May 07, 2006|By TIM ROWLAND

John Howard, superintendent of Antietam National Battlefield, probably felt that he had little choice but to allow the Ku Klux Klan to soil what many consider to be sacred ground. But he's too sharp a guy not to understand and at some level appreciate the myriad of ironies.

In granting the Klan's request for a rally at Antietam, Howard did the right thing, and not just because the Constitution says he had little choice. Free speech is a federal foundation so nowhere can this be more undeniable than on federal property.

But it goes well beyond that. There are two reasons for maintaining a public battlefield. It's a commemoration to those who sacrificed themselves for the benefit of the rest of us. And it's also an instrument of teaching.

Out of battles come lessons, not just in military tactics, but in culture and society. Battles say to us, society made a mistake and this is the price of that mistake - so let's remember, so as not to repeat.


Although they are too angry and politically tone deaf to know it, Klan members have actually done us a tremendous favor by choosing Antietam as the site for their little shindig.

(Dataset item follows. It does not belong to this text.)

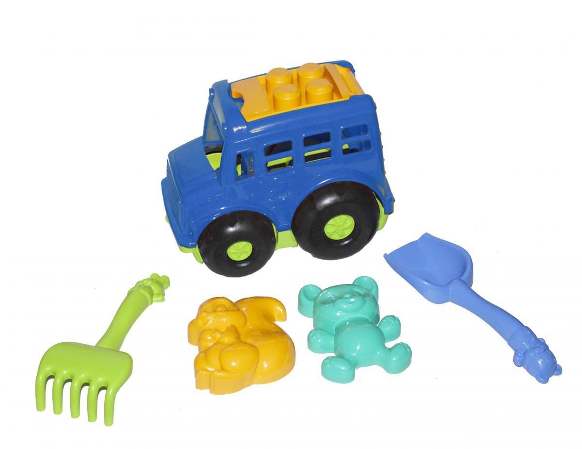 Машинка (автобус) бусик з пісочним набором. Дві пасочки в формі тварин, лопатка і грабельки.

Some have made the point that the Klan's appearance on this ground sullies the memories of those who fought and died there.

The reality is quite the opposite. The Klan's appearance accentuates the importance of the struggle. Lincoln may not have gone into the Civil War with the idea of freeing the slaves, but the South sure went into the war with the idea of keeping them. This "states rights" issue that honorable southern sympathizers - understandably wishing to associate their cause with glory instead of shame - use as the cause of the war is essentially correct.

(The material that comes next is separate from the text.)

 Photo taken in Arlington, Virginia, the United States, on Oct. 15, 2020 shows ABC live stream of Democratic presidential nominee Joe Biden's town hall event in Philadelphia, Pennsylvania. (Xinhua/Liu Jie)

And one of the chief rights the South wished to protect was - you guessed it.

The Klan, of course, misreads history too far in the opposite direction. It has co-opted the southern flag and would have you believe the war was fought in the name of racial purity. Truth be told, it wouldn't surprise me if it's the southern partisans who take greater offense at the Klan's arrival than those of the North.

But what the Klan does is remind us that these battles are still being waged, in hearts instead of on hillsides.

Obviously, in a community that is still trying to heal some recent racial bruises, the Klan isn't doing us any favors from a state and national image standpoint. We are going to look suspect in the eyes of the world when we say "We are not racist! Oh, and by the way, those attending next month's Klan rally are urged to take Md. 65 to avoid congestion in Sharpsburg."

But there is a half-full side to this glass. It hasn't been so very long ago that news of a Klan get-together would have had people in the region planning picnics and pressing their pillowcases. It would have been a big deal, with big crowds.

Today in Washington County, the overriding sentiment has been one of taking shots at Howard for not putting up a fight against the Klan's appearance. No one wants them here. Their presence is viewed with overwhelming disgust and embarrassment.

Just think about that for a moment from an historical perspective. Eighty years is a staggeringly short period of time for a cultural foundation to experience a 180 degree course correction. What other rock-solid, fundamental belief, dearly held by a majority of people, has been so universally overturned in such short order? Anywhere? Ever?

The Klan has gone from tens of thousands of members to a comedy act. They say they didn't have more supporters at the last rally because a lot of them "missed the bus." And I'm pretty sure a majority of us are not going to entrust our belief system to a group that can't even learned to tell time.

I know that to blacks, racial progress in this country seems glacially slow - and so it does too to whites who see the truth of equality and tolerance as so very obvious.

We have tried to undo four centuries of slavery in four decades of civil rights awareness. That's a lot to ask. And conversely, 400 years is a hefty debt to repay.

When the Klan raises its pointy head, we understand that not all the rust of an archaic institution has been sanded away. That's a useful lesson, and a reminder that a glass that's half full isn't half full enough.

If these outdated attitudes exist, we're better off knowing it. A Klan rally takes us out of our comfort zones. It agitates the water and makes us think about things we would rather not think about.

A Klan rally is a rip in the quilt of warm complacency, but a complacent people will see no reason for change.

The crowning irony is that a Klan rally, ugly as it may appear, does more for racial equality than a rally of people agitating for social justice - precisely because it is ugly. If all is calm and pretty, why would we want change?

The Battle of Antietam itself was ugly, but it needed to happen in order for us to set ourselves straight. One could make the same argument about the Klan.

Those disturbed by the event can take perhaps a small degree of comfort with this thought: The main achievement of each Klan rally is to speed the day when the organization no longer exists at all.